The Qizilbashi tribes were essential to the military of Iran until the rule of Shah Abbas I- their leaders were able to exercise enormous influence and participate in court intrigues (assassinating Shah Ismail II for example).
Economy
What fueled the growth of Safavid economy was Iran's position between the burgeoning civilizations of Europe to its west and India and Islamic Central Asia to its east and north. The Silk Road which led through northern Iran to India revived in the 16th century. Abbas I also supported direct trade with Europe, particularly England and The Netherlands which sought Persian carpet, silk and textiles. Other exports were horses, goat hair, pearls and an inedible bitter almond hadam-talka used as a specie in India. The main imports were specie, textiles (woolens from Europe, cottons from Gujarat), spices, metals, coffee, and sugar.
Culture
- See also: Safavid art
Culture within the Safavid family
The Safavid family was a literate family from its early origin. There are extant Tati and Persian poetry from Shaykh Safi ad-din Ardabili as well as extant Persian poetry from Shaykh Sadr ad-din. Most of the extant poetry of Shah Ismail I is in Azerbaijani pen-name of Khatai. Sam Mirza, the son of Shah Esmail as well as some later authors assert that Ismail composed poems both in Turkish and Persian but only a few specimens of his Persian verse have survived. A collection of his poems in Azeri were published as a Divan. Shah Tahmasp who has composed poetry in Persian was also a painter, while Shah Abbas II was known as a poet, writing Azerbaijani verses with the pen name of Tani.. Sam Mirza, the son of Ismail I was himself a poet and composed his poetry in Persian. He also compiled an anthology of contemporary poetry. .
Culture in the empire
Shah Abbas I recognized the commercial benefit of promoting the arts - artisan products provided much of Iran's foreign trade. In this period, handicrafts such as tile making, pottery and textiles developed and great advances were made in miniature painting, bookbinding, decoration and calligraphy. In the sixteenth century, carpet weaving evolved from a nomadic and peasant craft to a well-executed industry with specialization of design and manufacturing. Tabriz was the center of this industry. The carpets of Ardabil were commissioned to commemorate the Safavid dynasty. The elegantly baroque yet famously misnamed 'Polonaise' carpets were made in Iran during the seventeenth century.

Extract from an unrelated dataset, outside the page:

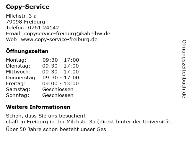 | Öffnungszeiten Copy-Service in Freiburg anzeigen | |

Using traditional forms and materials, Reza Abbasi (1565–1635) introduced new subjects to Persian painting — semi-nude women, youth, lovers. His painting and calligraphic style influenced Iranian artists for much of the Safavid period, which came to be known as the Isfahan school. Increased contact with distant cultures in the 17th century, especially Europe, provided a boost of inspiration to Iranian artists who adopted modeling, foreshortening, spatial recession, and the medium of oil painting (Shah Abbas II sent Zaman to study in Rome). The epic Shahnameh (Book of Kings), a stellar example of manuscript illumination and calligraphy, was made during Shah Tahmasp's reign. (This book was written by Ferdousi in the 1000AD for Sultan Mahmood Ghaznawi) Another manuscript is the Khamsa by Nezami executed 1539-43 by Aqa Mirak and his school in Isfahan.
Isfahan bears the most prominent samples of the Safavid architecture, all constructed in the years after Shah Abbas I permanently moved the capital there in 1598: the Imperial Mosque, Masjid-e Shah, completed in 1630, the Imami Mosque,Masjid-e Imami, the Lutfullah Mosque and the Royal Palace.
According to Professor. William Cleveland:
In 1598 Shah Abbas designated Isfahan , a city located in the center of Iran , as the new imperial capital. Isfahan was already an established city and had once been the Seljuk capital. However, Abbas transformed the city, lavishing huge sums on the construction of a carefully planned urban center laid out along broad thoroughfares and embellished with richly decorated mosques, a royal palace, luxurious private residences, and a large bazaar, all maintained in a lush garden setting. The material splendor of Isfahan court pled with Abbas's generous patronage attracted artists and scholars, whose presence contributed to the city's rich intellectual and cultural life. As activities from carpet weaving to miniature painting, from the writing of Persian poetry to the compilation of works on Shica jurisprudence were encouraged, Isfahan became the catalyst for an explosion of Persian culture that spread to other Safavid cities and continued after the death of Abbas. Isfahan was also a thriving commercial center whose merchants, prospering under the stable, centralized government established by Abbas, became consumers and pa-irons themselves. At the time of Abbas's death, the Safavid capital had a population estimated at 400,000; the large size of the city and the impressive achievements of its residents prompted the inhabitants to coin their famous boast, " Isfahan is half the world.
Poetry stagnated under the Safavids; the great medieval ghazal form languished in over-the-top lyricism. Poetry lacked the royal patronage of other arts and was hemmed in by religious prescriptions.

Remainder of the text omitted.